Page MenuHomePhabricator

WD JSON dump processing w. WDTK for the WMDE Analytical Systems
Closed, ResolvedPublic

Description

Produce a weekly updated set of .tsv files from the Wikidata JSON dumps to support the WMDE maintained Wikidata analytical systems (WDCM, External Identifiers, Languages Landscape, etc) w.
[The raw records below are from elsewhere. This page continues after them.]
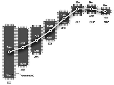 为了衡量芯片的技术进步,行业内用了“制程”这个概念,随着芯片上晶体管的尺寸减小,制程也就越小,芯片上能容纳的晶体管数量就越多,也就是说制程越小,芯片的性能就越好。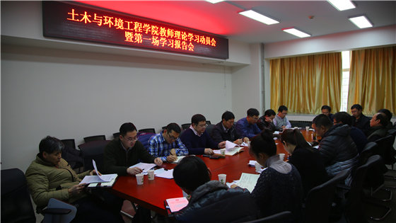 土木与环境工程学院党委一直把教师理论学习作为学习型党组织建设的重要抓手和主要学习阵地,为了深入学习贯彻党的十八大和十八届三中、四中、五中全会精神,深入学习贯彻习近平总书记系列重要讲话精神,学院按照《必赢nn699net官网关于加强教师理论学习的通知》要求,结合学院实际,建立健全教师理论学习制度,并制定了《土木与环境工程学院关于加强教师理论学习的计划》。并按照计划,通过党政联席会、支部组织生活会、全院教职工大会等途径,认真组织学院中心组、党员教师及积极分子、全体教师群体三个层面的理论学习,确保了学习工作有效开展、收获显著。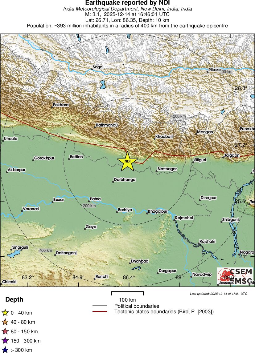 | 3.1 | 10 | 4692 | 16:46:01 | Link | Minor earthquake - NEPAL-INDIA BORDER REGION - December 14, 2025 |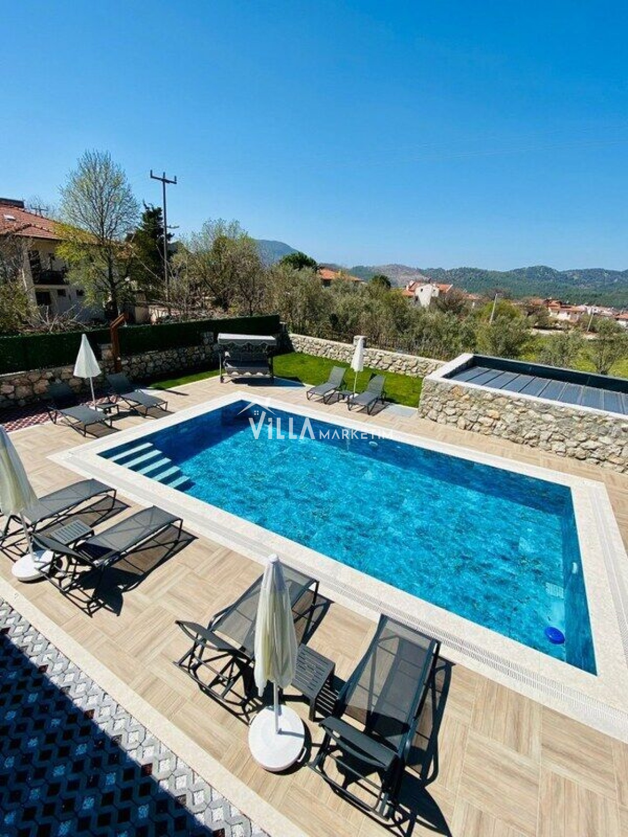 Ekstralar : Villa misafirlere temiz bir şekilde teslim edilmektedir. Bahçe & havuz bakım ve temizliği günde 1 defa yapılmaktadır.
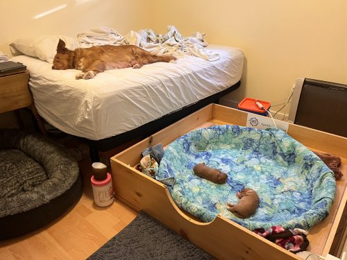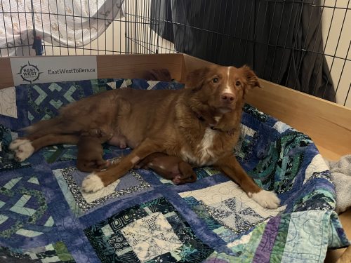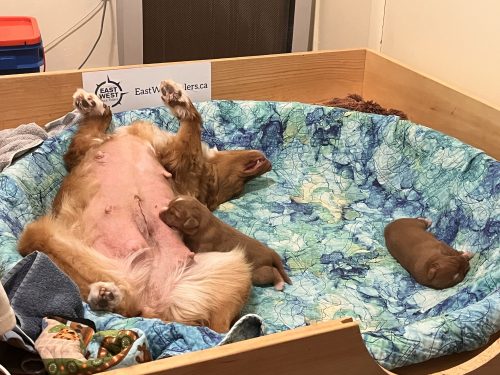 Two girls were born via c-section. This is Jigs last litter. She will fly to BC later this year to live with my son Alex in Powell River at the family property on Cranberry Lake. She’s always been Alex’s “Princess Peach” and he is excited to have his girl back.

WDTK.

The description of the tables and fields follows:

Table 1. wd_json_dump_gender.tsv
Fields:

  • Item ID: we are interested only in items with P21;
  • P21
  • P19
  • P106

Table 2. wd_json_dump_geo.tsv
Fields:

  • Item ID: we are interested only in items with P625;
  • lat
  • lon

Table 3. wd_json_dump_externalIdentifiers.tsv
Fields:

  • Item ID: we are interested only in items with properties that are of a datatype: external-id
  • External_Identifier_Property - we are not interested in the values, just what item uses what external identifiers;
  • we need these collected from claims, qualifiers, and references.
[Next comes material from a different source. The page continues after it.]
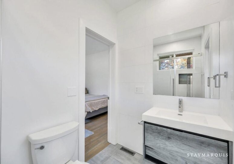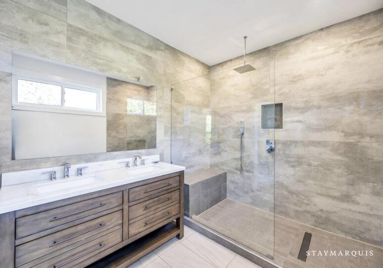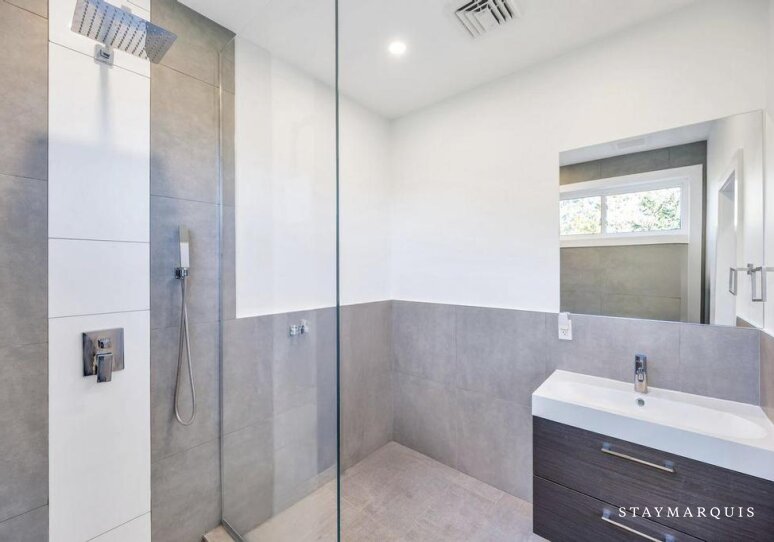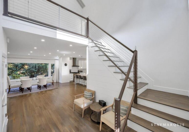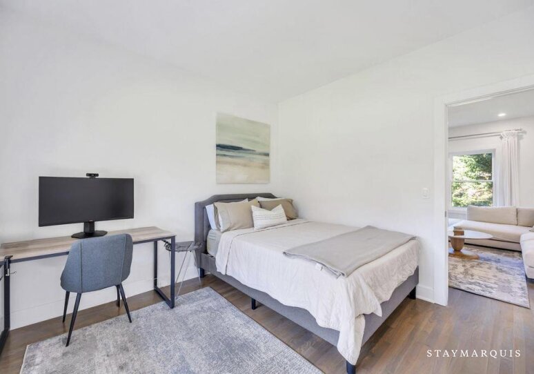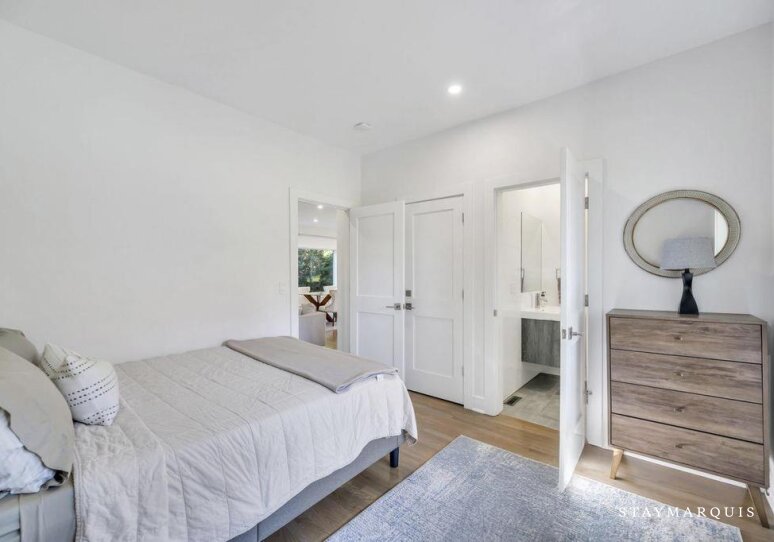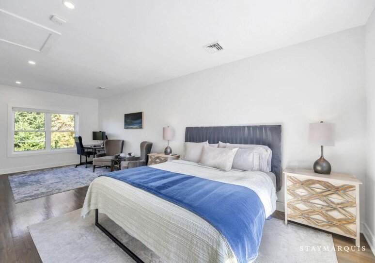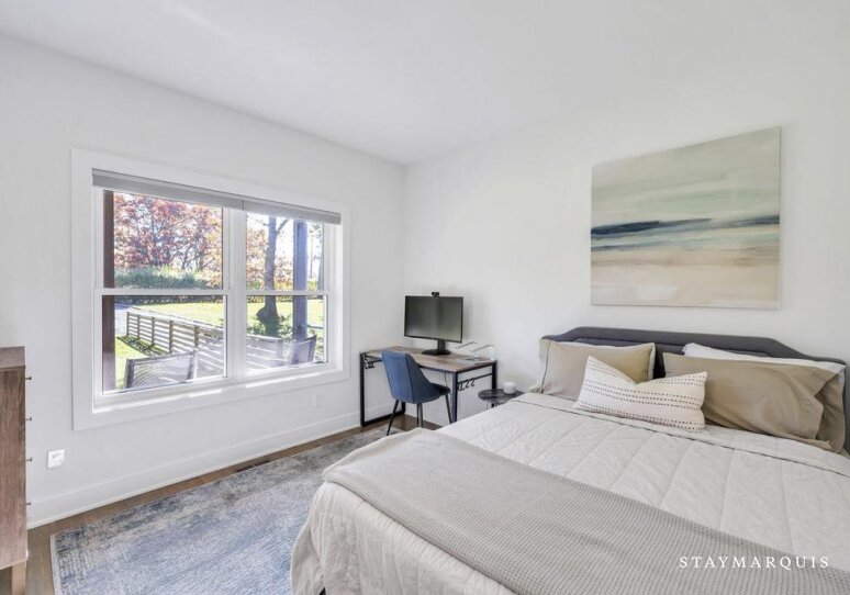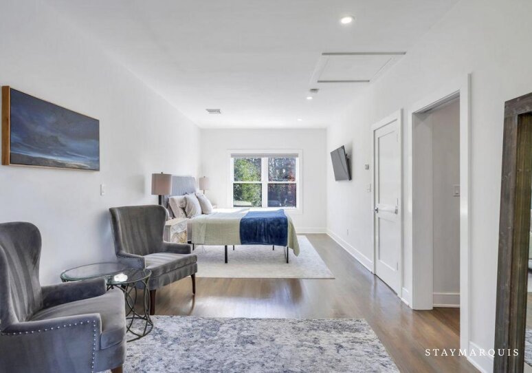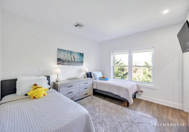 The bedrooms are designed as serene retreats, each thoughtfully furnished to encourage rest and relaxation. On the second level, the spacious primary suite offers a king bed, a comfortable desk area, and cozy reading chairs. Its ensuite bathroom feels spa-like, featuring a large walk-in rain shower that makes every morning feel indulgent. Two additional guest bedrooms are also located upstairs—one with a full bed, the other with two twin beds—each boasting its own ensuite bathroom, making this home ideal for groups traveling together who value privacy. On the main level, another king bedroom with an ensuite bathroom offers ease of access and a calming, light-filled space. An additional powder room on the lower level adds convenience for guests. Each bedroom is dressed with fresh linens, curated furnishings, and a calming palette that makes unwinding effortless.

Table 4. wd_json_dump_languages.tsv
Fields:

  • Item ID
  • Language - the Wikimedia language code for the language in which the item has a label;
  • i.e. for all items, all languages that have a label for them.

It would be the best to have these tables stored somewhere on the stat1007 machine so that we can easily feed them to hdfs/Spark from there.